Background

Codons are the basic rules corresponding to the information carried by nucleic acids and proteins and are the basic link of information transmission in organisms. There are 61 types of codons encoding the 20 amino acids of natural proteins, and each amino acid has 1 to 6 synonymous codons that encode the same amino acid [1]. There is a widespread phenomenon of codon usage bias (CUB) in organisms, i.e., one species or gene usually tends to use one or several specific synonymous codons [2, 3]. The CUB pattern is affected not only by natural selection and mutation pressure [4] but also by the recombination rate [5], replication [6], GC content [4], gene length [7], hydropathicity, aromaticity and isoelectric point (pI) of the protein [8, 9], and protein secondary structures [10]. The use of codons is subject to selection pressure by these factors and is generally considered to be an important reason for the separation of species and the creation of new species [11, 12]. In some plants, the CUB patterns were also influenced by translational selection [13].

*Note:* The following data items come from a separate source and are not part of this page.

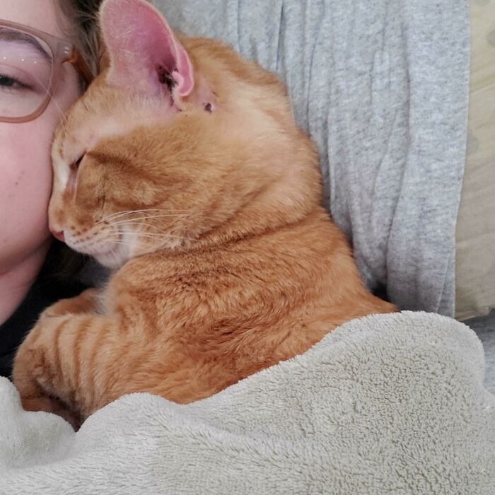 It’s hard to find an adopter for an animal with health issues but when they do find one, they are the most loving humans to these animals. This cat has ear issues and requires regular ear cleaning. His humans don’t mind doing it for him and this is the look of gratitude he has for them. He might look like he’s mad but he’s actually thankful.
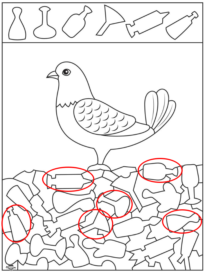 The pile beneath the bird is where the real challenge lies. Dozens of shapes overlap, stack, and tangle together. Each one is drawn in thick, clean lines, making them easy to spot but not necessarily easy to identify. Here’s what makes this section so fun to explore:
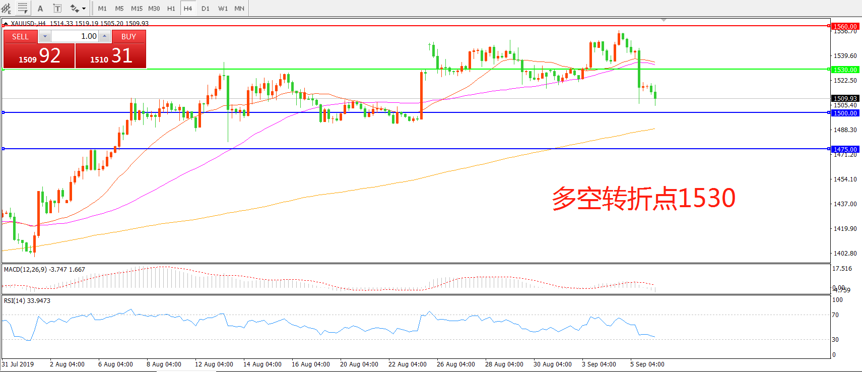 多空转折点:1530.00
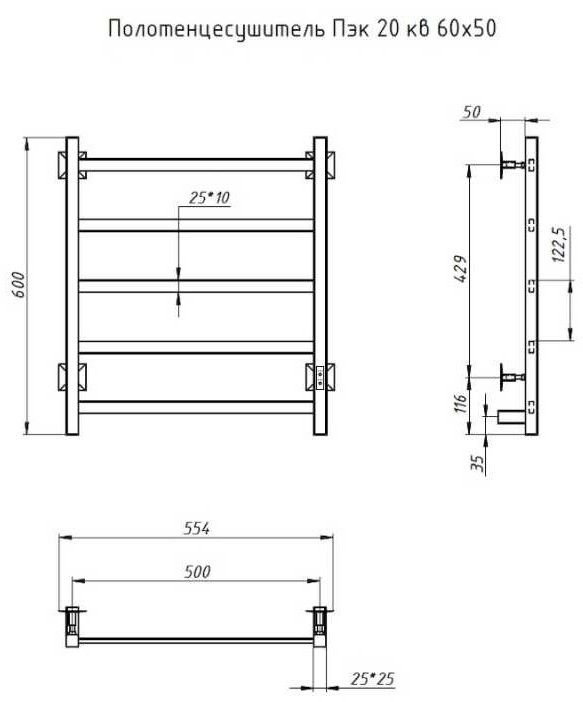 ПЭК — Полотенцесушитель электрический кабельный. Изделие производится из нержавеющей стали AISI 201. Вертикальные трубы d -32 мм., для горизонтальных вставок используется труба d — 18 мм.Нагревательным элементом в полотенцесушителе является греющий кабель — аналог «теплого пола», кабель заправляется внутрь каждой трубы и передает тепло на поверхность изделия. Во включенном состоянии постоянно поддерживается температура 50-600.Экономичность: Полотенцесушитель снабжен панелью управления. Кнопка включения/выключения и таймер на 2 часа и 4 часа, который позволяет включать изделие на ограниченное время. Эта функция дает возможность экономить электричество.Мощность электрического прибора порядка 60W при стоимости 1 кВт — 5 руб несложно посчитать: 60W х 24 = 1,5 кВт в сутки. Стоимость эксплуатации изделия за сутки 1,5 кВт х 5 руб. = 7,5 руб. Максимальный расход электричества за месяц примерно 225 руб. При условии если сушка работает круглосуточно.Удобство монтажа: Полотенцесушитель крепится к стене на четыре держателя. Универсальное исполнение изделия позволяет подключить его, как справа, так и слева.Скрытое подключение: Благодаря приваренным в нижней части вертикальных труб двум распаячным коробкам, в которых соединяется электропроводка, возможно скрытое подключение к электричеству слева и справа.Подключение в розетку: В комплекте также имеется шнур с вилкой, который будет необходим при подключении к розетке.Панель включения:РЕЖИМ №1 — постоянный нагревРЕЖИМ №2 — работа в течение 2 часов с последующим отключением.РЕЖИМ №3 — работа в течение 4 часов с последующим отключением.
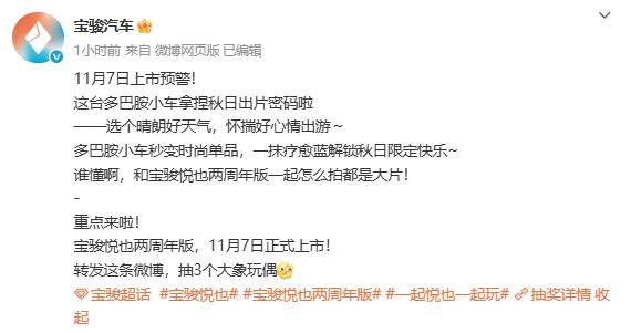 寶駿汽車近日宣布,旗下悅也車型將推出兩周年特別版,并計劃于11月7日正式上市。雖然官方尚未公布這款特別版車型的詳細升級信息,但從發布的宣傳海報中可以看出,新車采用了全新的霧霾藍車身配色,搭配與車身同色的密輻式輪圈,整體視覺效果更加時尚動感。

Different species not only have a preference when choosing different codons for the same amino acid, that is, they have different codon usage patterns [14], but they also have a preference when choosing a codon pair composed of two adjacent codons, and this preference is related to genome evolution. The mode of use of code pairs and the use of code pairs composed of adjacent codons in the genome have a preference, and the mode directly affects the efficiency of codon interpretation [15].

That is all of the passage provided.